Your faces make me sad...

But your ponchos make me happy!

Yay! Poncho party!! Ba-Bump-a-bump-bump!

Wheeeeeeee!!

You're silly...
Comments: Read 1 or Add Your Own.

Thursday, February 9th, 2006

Subject:...Damnit, Steve...
Time:3:03 pm.
Mood: sad.
Music:none...just the sound of my soul dying.
I find that I only write in this when I'm in a bad mood. I'm having a bad day...It could be worse, but still...I don't like it. I think I'm Thursday intolerant. Anyway, I'm tired. I had two Monsters today. That's a big deal for me. I'm still tired, though. Energy drinks provide me with no energy. Damnit. Also, I'm stupid. That's all that I need to say about that.

I am now at work. It is 3:00 and I have to be here until 8:00. Damnit. My job isn't bad...but my day is. I want to just go to sleep and wake up and it be Friday...then I want to go to sleep and it be Saturday, then Sunday, then Friday again. Screw Monday through Thursday. Those days suck. Except art. While I stress about art a bit, I find that it is the class I most appreciate. It's three hours long twice a week, but I feel like it needs that much time and it goes by pretty quickly. So far this semester, Art has been the only class that I've had any kind of drive to do well in. I have a project due Tuesday that's going to be a pain in the ass. I know of some ways to just get through it with little to no trouble, but it will look bland. I want something impressive. On my last assignment, I seemed to impress Damnit Steve Willis, my art teacher that reminds me of a more happy-go-lucky George Carlin. As a matter of fact, I got a 95% on it. That's pretty cool considering Damnit Steve doesn't just hand out A's. Still, though... this day just sucks. Thursdays are dumb. Whoever thought of the concept of Thursdays needs to be dug out of their grave and punched in the face.
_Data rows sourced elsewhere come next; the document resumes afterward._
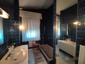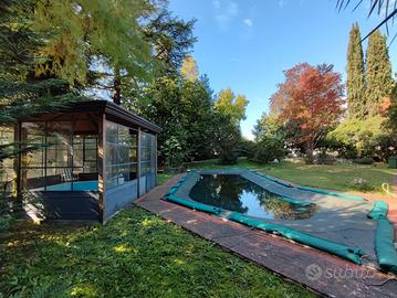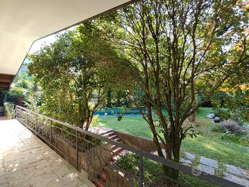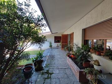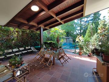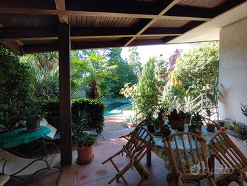 La villa è circondata da un ampio giardino con piscina e vasca idromassaggio, con un terrazzo e un porticato che invitano a godere dell'aria aperta.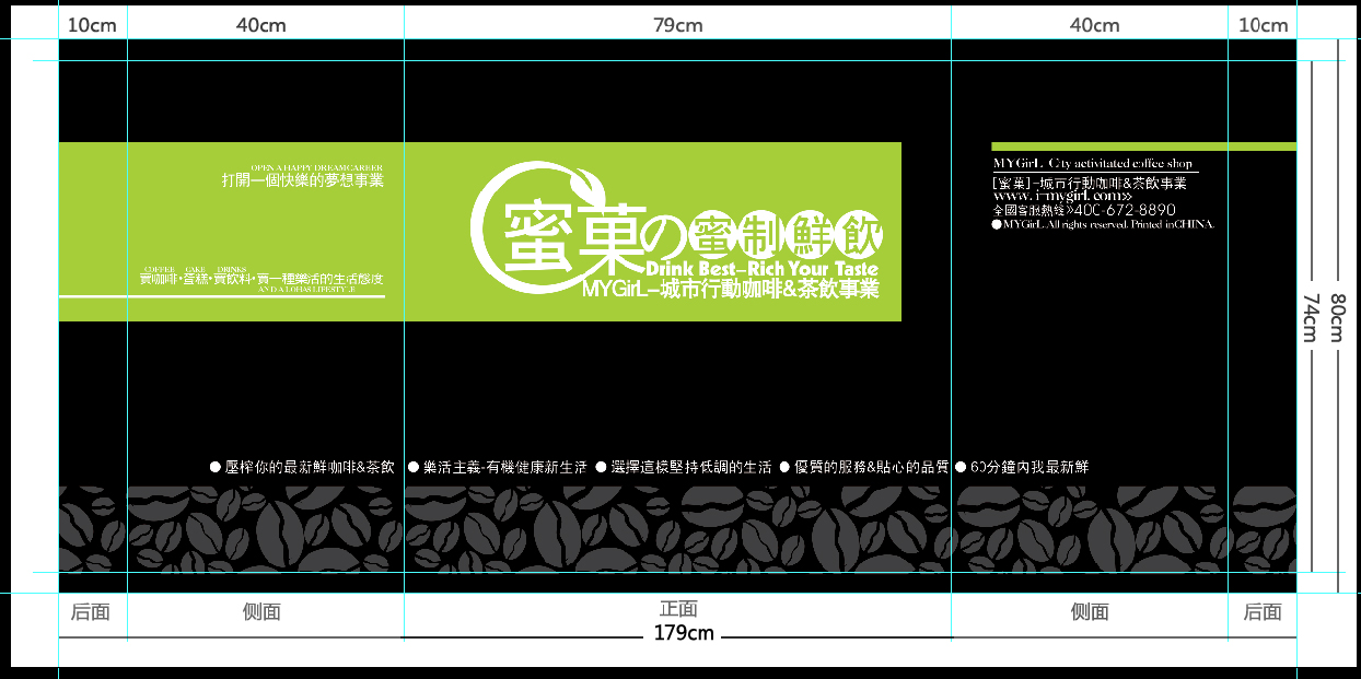 面板尺寸為:179x80cm  其中面板的設計安排為(10+40+79+40+10)x80cm (上下3cm不要有文字,會被包住的)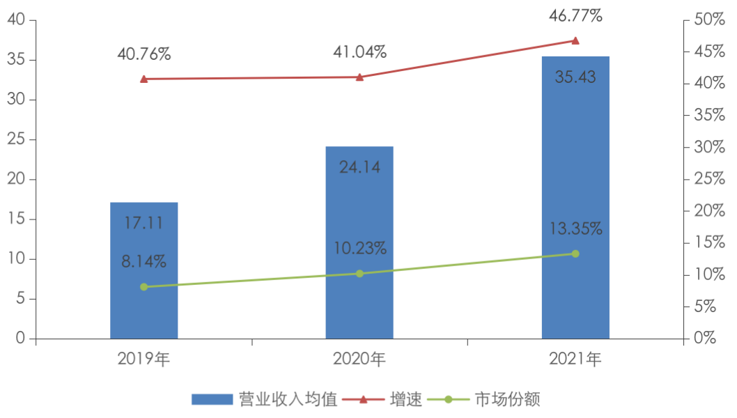 隨著物業管理規模的擴大和服務的多元化,物企經營業績持續高質量發展,多家物企表現亮眼,營業收入實現跨越式增長。50家上市物企營業收入總值由2019年的855.67億元增長至1771.28億元,均值由17.11億元增至35.43億元,復合增長率達43.88%。上市物企營業收入的市場集中度持續提升,2019年至2021年,50家上市物企在行業中的市場份額由8.14%增長至約13.35%。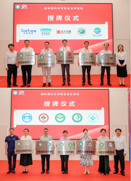 在研究生联合培养和实践教学基地授牌仪式环节,药学院党委书记韦日明、生物医药产业学院院长段小群、研究生院副院长周燕园共同为正大天晴药业集团股份有限公司、广东莱恩医药研究院有限公司、广州百康细胞生命科技有限公司等10家合作单位授牌。此次授牌标志着我校在医药人才实践培养、科研成果转化上迈出新步伐,我校将进一步打通校园教育与产业实践的衔接通道,为医药领域输送更多兼具理论素养与实践能力的专业人才,也为校企深化合作奠定坚实基础。

...and my brother is home...enough said.

***** Update *****

I forgot to mention that kAt has been very nice and tried to cheer me up...but I could not. She should have been tired of my whiny crap 5 minutes into it and I should have already been unconscious from the blow to the face she should have given me, but she just tried to cheer me up. Thank you. Also, for the comment that has already been: Thanks, Willis! You're a pal.

I'm still having a bad day, though. I'm on my boss's bad side...he had my supervisor lecture me. And I kind of lost a big thing that he had me and my pal Keith work on together. I don't know where they are saved. ...anyway, the day isn't over yet...it can always get worse.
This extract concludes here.